I'll have to measure your engine bay


----------



## LethalAudio (Feb 12, 2003)

OH YEA, well, I got a full body sticker that makes my 200 look like a Skyline! Only cost $500  :bs:
I swear if I ever see anyone actually try to market something like that, I will personally pull them out of the car and slam the door on their head.


----------



## superfro86 (May 15, 2002)

about the cars on the fast and the furious. I saw on super tuner tv that the reason they have multiple versions of the same car is because each has a different purpose. they have the ones that are kind of modded for performance for the actual race scenes, ones that look good but aren't really that fast for the actors in close-ups ect. and ones that are just hap hazardly smacked together for crash scenes ect. what got me is that the skyline in 2fast 2furious hit .91 on the skid pad and the evo hit .94 aren't skylines close to 1g from the factory?


----------



## blueboost (Jul 25, 2002)

yeah thats true superfro86, thats what I heard too. its amazing how much little stuff you notice about that movie if you pay attention. in the garage scene where tran or whatever his name is is making that dude drink oil, he says whats wrong with this (talking about the tegs without engines) then says a couple of SR20 motors would pull a premium during race wars... Like the dude is going to drop a DET into a teg LOL.. oh well off topic I guess, but this thread got me thinkin bout it.


----------



## altimate94 (Nov 28, 2002)

blueboost said:


> *he says whats wrong with this (talking about the tegs without engines) then says a couple of SR20 motors would pull a premium during race wars... Like the dude is going to drop a DET into a teg LOL*


 yeah, i hate that part..........when i saw it i was like WTF...........


----------



## Neil (Aug 13, 2002)

im gonna go buy some hubcaps today with the big brake rotors built in.
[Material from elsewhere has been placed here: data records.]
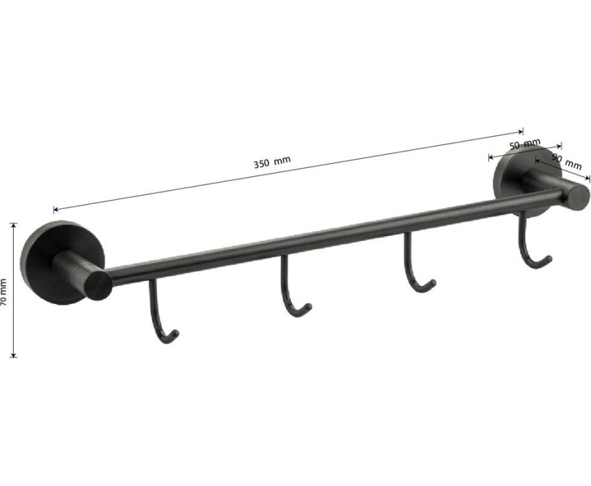 Держатель для полотенец металлический, с четырьмя крючками. Материал изготовления — нержавеющая сталь, Графитовое матовое покрытие очень стойко переносит истирания и обеспечивает безупречный стильный вид изделия и долговечность. На держателе с легкостью можно размещать вещи для сушки или вешать, как полотенца, так и одежду перед походом в душ. Идеально подойдет не только для ванной, но и для кухни, а также для дачи или гаража — при необходимости на держатель можно вешать любые предметы. Изделие крепится к стене с помощью дюбелей и саморезов (входят в комплект). Размеры: длина 350 мм, глубина 90 мм, высота 70 мм, диаметр посадочного седла 50 мм. Вес — 0,425 кг, объём — 0,00300 м3
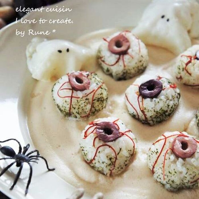 メレンゲをお皿に広げて表面をならしたらおにぎり目玉をのせて完成。
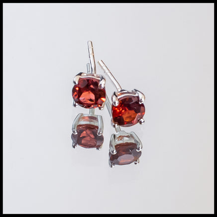 These silver stud earrings feature faceted red garnet in a prong setting.

Then i'll be a real racer.


----------



## Ninety-Nine SE-L (May 5, 2002)

well, I got rims, I'm gonna cut some rotors out of cardboard a d zip-tie them to the spokes


----------



## sethwas (Apr 30, 2002)

altimate94 said:


> *yeah, i hate that part..........when i saw it i was like WTF........... *


Ha,
I lauged so hard when I heard that, people were like, what the hells up with him, and I just sniffled (after laughing) and didn't say anythign but thought "you wouldn't get it even if I told you", but i told my wife and she said it wasn't funny enough to laugh at.

Seth


----------



## Exalta (Jan 21, 2003)

I dont have money to buy an expensive exhaust so ill just weld on some tin can as a muffler tip....has the same effect.


----------



## altimate94 (Nov 28, 2002)

sethwas said:


> *Ha,
> I lauged so hard when I heard that, people were like, what the hells up with him, and I just sniffled (after laughing) and didn't say anythign but thought "you wouldn't get it even if I told you", but i told my wife and she said it wasn't funny enough to laugh at.
> 
> Seth *


  lol


----------



## anthony jackson (Jul 16, 2002)

i thought that was funny about the fast and the furious. i mean, if they JUST HAVE to do that in order to make ther hondas go faster at race wars, then so be it, but damn, wat Chan, so dumb as to tell the whole world what an idiot he is. "where are they ted, a couple of nissan sr20 engines will pull a premium just two weeks before race wars", Funnier than that, he asks his cousin what weight of oil does he feel like using, "40 weight 50 weight" (his cousin standing right there by the only oil drum in the whole damn scene says "hhhmmmm 40W sounds nice"....hehehehe hahahahahaa LMAO..oh what a funny peice of shit. Ted knew the stupitidy and was trying to hide it from them!


----------



## PrOxLaMuS© (Aug 11, 2002)

i dont understand why someone would spend $300 on a fake intercooler.. which gives you shitty ass looks..
blocks air into the radiator and makes you look liek a fool, ontop of throwing away your money... 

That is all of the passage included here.